Great declines in habitat and pheasants numbers are evident over much of our state. These are two important factors in the sharp declines in resident license sales. But it is my belief that lack of access to quality hunting land along with lifestyle changes have become the greatest factors, and hunting traditions are taking a back seat to other activities.

Many residents have completely quit hunting public lands due to bad experiences and are simply unwilling or unable to “pay to play” on private lands. The quality of public hunting land and the number of hunters using the same land are major factors in hunter satisfaction rates. To keep our hunting traditions alive, it is imperative that we continue to provide for high hunter satisfaction rates.

Ships turn slow, and right now it looks as if we are headed for an iceberg. With license sales down and the flow of outdoor enthusiasts’ dollars dropping, the financial impact to any of our rural areas will be extensive. The time is now to invest our license money in public lands and public access.
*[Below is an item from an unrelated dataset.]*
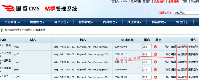 B:站點管理-----點擊“站點授權”;對各站點授權設置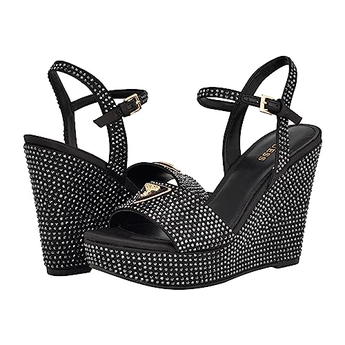• Feel flashy in the Hippa wedge by Guess, which is adorned by clear stones allover and a Guess triangle hardware piece on front band.

High quality public lands and increased public access, paid for by the users, helps everyone in this state. Producers and stakeholders alike must recognize the economic importance of public lands to our rural economies.

Gov. Kristi Noem has built a great deal of momentum concerning habitat. High quality publicly accessible habitat is key to the South Dakota economy, heritage and hunting traditions. Public lands that offer quality recreational experiences for everyone sell licenses. If we build it, they will come.